What is expected:
For the material that follows, return exactly the lines from the one with "A frente deste" through the one with "今回導入した「NK-AIbot-D1 Powered by", both ends included.

Listed entries:

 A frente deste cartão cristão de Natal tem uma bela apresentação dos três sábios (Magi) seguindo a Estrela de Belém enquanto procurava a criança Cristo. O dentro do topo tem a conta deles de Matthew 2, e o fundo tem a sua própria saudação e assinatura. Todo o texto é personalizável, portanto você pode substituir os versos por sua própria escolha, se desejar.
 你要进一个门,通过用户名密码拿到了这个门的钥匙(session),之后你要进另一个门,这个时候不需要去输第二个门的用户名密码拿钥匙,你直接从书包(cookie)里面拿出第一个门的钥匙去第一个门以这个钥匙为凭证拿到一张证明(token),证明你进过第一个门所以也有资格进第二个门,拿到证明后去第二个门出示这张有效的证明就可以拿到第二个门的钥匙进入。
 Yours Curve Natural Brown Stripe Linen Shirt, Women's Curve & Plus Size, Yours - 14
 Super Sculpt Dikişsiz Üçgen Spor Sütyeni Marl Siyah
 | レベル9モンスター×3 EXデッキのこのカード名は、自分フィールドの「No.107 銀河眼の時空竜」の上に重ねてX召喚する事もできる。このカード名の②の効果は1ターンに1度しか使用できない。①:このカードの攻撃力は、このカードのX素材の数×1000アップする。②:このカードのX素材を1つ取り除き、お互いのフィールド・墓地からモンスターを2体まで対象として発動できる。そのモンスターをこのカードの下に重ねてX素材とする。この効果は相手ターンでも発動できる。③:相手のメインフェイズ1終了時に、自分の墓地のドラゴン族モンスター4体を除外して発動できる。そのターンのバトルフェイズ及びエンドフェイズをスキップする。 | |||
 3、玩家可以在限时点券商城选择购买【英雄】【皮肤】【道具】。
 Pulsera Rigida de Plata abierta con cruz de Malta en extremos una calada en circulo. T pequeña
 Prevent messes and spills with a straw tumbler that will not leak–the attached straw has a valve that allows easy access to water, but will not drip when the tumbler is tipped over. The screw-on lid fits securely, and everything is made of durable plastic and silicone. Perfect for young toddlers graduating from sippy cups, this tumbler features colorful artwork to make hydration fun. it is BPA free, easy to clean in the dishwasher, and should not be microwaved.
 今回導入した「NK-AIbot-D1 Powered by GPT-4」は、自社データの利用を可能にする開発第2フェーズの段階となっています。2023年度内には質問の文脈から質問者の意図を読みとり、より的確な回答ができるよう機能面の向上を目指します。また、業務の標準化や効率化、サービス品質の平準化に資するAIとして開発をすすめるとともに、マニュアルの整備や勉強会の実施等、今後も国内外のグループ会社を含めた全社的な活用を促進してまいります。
--
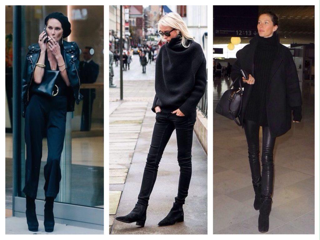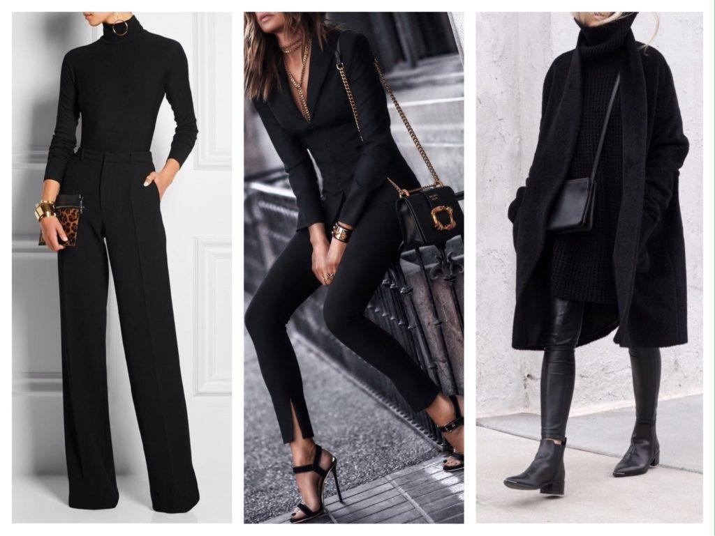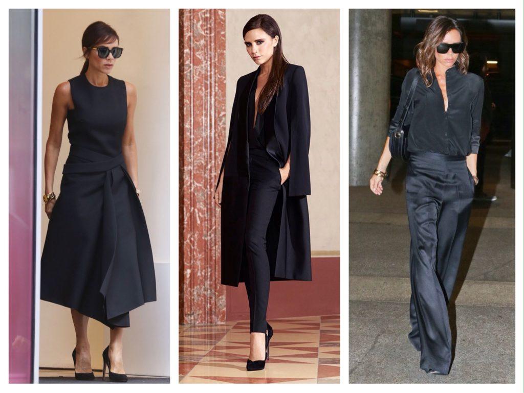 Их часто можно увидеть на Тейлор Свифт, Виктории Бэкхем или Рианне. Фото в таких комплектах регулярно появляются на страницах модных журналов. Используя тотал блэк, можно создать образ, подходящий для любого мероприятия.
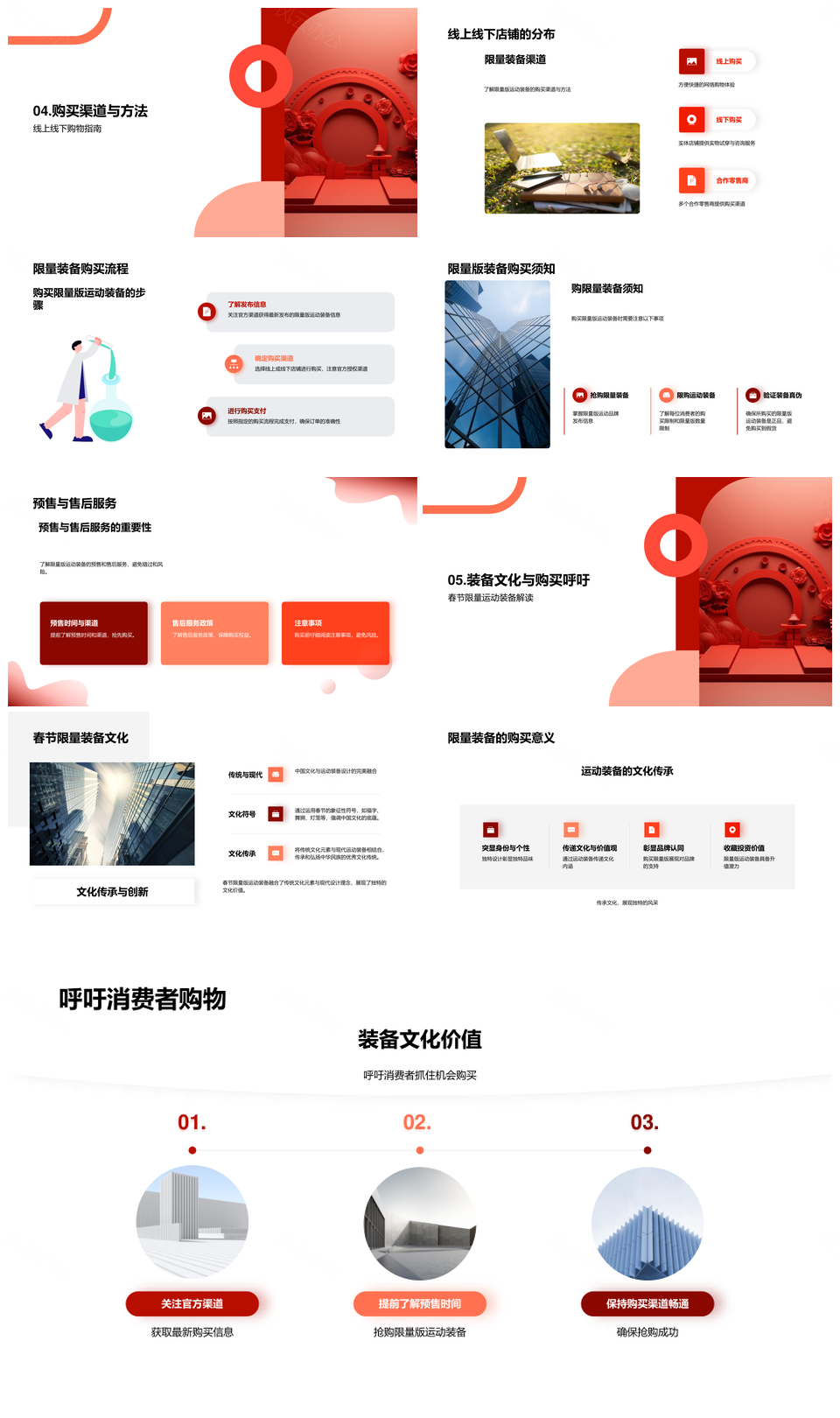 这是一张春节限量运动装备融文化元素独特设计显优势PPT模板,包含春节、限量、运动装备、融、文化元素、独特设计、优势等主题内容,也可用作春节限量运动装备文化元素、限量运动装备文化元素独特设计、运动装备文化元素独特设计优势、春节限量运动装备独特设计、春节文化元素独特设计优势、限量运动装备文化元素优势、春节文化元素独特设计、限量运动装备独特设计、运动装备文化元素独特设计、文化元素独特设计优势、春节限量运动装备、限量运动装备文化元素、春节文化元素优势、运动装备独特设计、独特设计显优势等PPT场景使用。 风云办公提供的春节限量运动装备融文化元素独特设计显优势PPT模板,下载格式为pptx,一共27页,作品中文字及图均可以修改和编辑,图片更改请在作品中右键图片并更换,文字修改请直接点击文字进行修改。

Response to the exercise:
 A frente deste cartão cristão de Natal tem uma bela apresentação dos três sábios (Magi) seguindo a Estrela de Belém enquanto procurava a criança Cristo. O dentro do topo tem a conta deles de Matthew 2, e o fundo tem a sua própria saudação e assinatura. Todo o texto é personalizável, portanto você pode substituir os versos por sua própria escolha, se desejar.
 你要进一个门,通过用户名密码拿到了这个门的钥匙(session),之后你要进另一个门,这个时候不需要去输第二个门的用户名密码拿钥匙,你直接从书包(cookie)里面拿出第一个门的钥匙去第一个门以这个钥匙为凭证拿到一张证明(token),证明你进过第一个门所以也有资格进第二个门,拿到证明后去第二个门出示这张有效的证明就可以拿到第二个门的钥匙进入。
 Yours Curve Natural Brown Stripe Linen Shirt, Women's Curve & Plus Size, Yours - 14
 Super Sculpt Dikişsiz Üçgen Spor Sütyeni Marl Siyah
 | レベル9モンスター×3 EXデッキのこのカード名は、自分フィールドの「No.107 銀河眼の時空竜」の上に重ねてX召喚する事もできる。このカード名の②の効果は1ターンに1度しか使用できない。①:このカードの攻撃力は、このカードのX素材の数×1000アップする。②:このカードのX素材を1つ取り除き、お互いのフィールド・墓地からモンスターを2体まで対象として発動できる。そのモンスターをこのカードの下に重ねてX素材とする。この効果は相手ターンでも発動できる。③:相手のメインフェイズ1終了時に、自分の墓地のドラゴン族モンスター4体を除外して発動できる。そのターンのバトルフェイズ及びエンドフェイズをスキップする。 | |||
 3、玩家可以在限时点券商城选择购买【英雄】【皮肤】【道具】。
 Pulsera Rigida de Plata abierta con cruz de Malta en extremos una calada en circulo. T pequeña
 Prevent messes and spills with a straw tumbler that will not leak–the attached straw has a valve that allows easy access to water, but will not drip when the tumbler is tipped over. The screw-on lid fits securely, and everything is made of durable plastic and silicone. Perfect for young toddlers graduating from sippy cups, this tumbler features colorful artwork to make hydration fun. it is BPA free, easy to clean in the dishwasher, and should not be microwaved.
 今回導入した「NK-AIbot-D1 Powered by GPT-4」は、自社データの利用を可能にする開発第2フェーズの段階となっています。2023年度内には質問の文脈から質問者の意図を読みとり、より的確な回答ができるよう機能面の向上を目指します。また、業務の標準化や効率化、サービス品質の平準化に資するAIとして開発をすすめるとともに、マニュアルの整備や勉強会の実施等、今後も国内外のグループ会社を含めた全社的な活用を促進してまいります。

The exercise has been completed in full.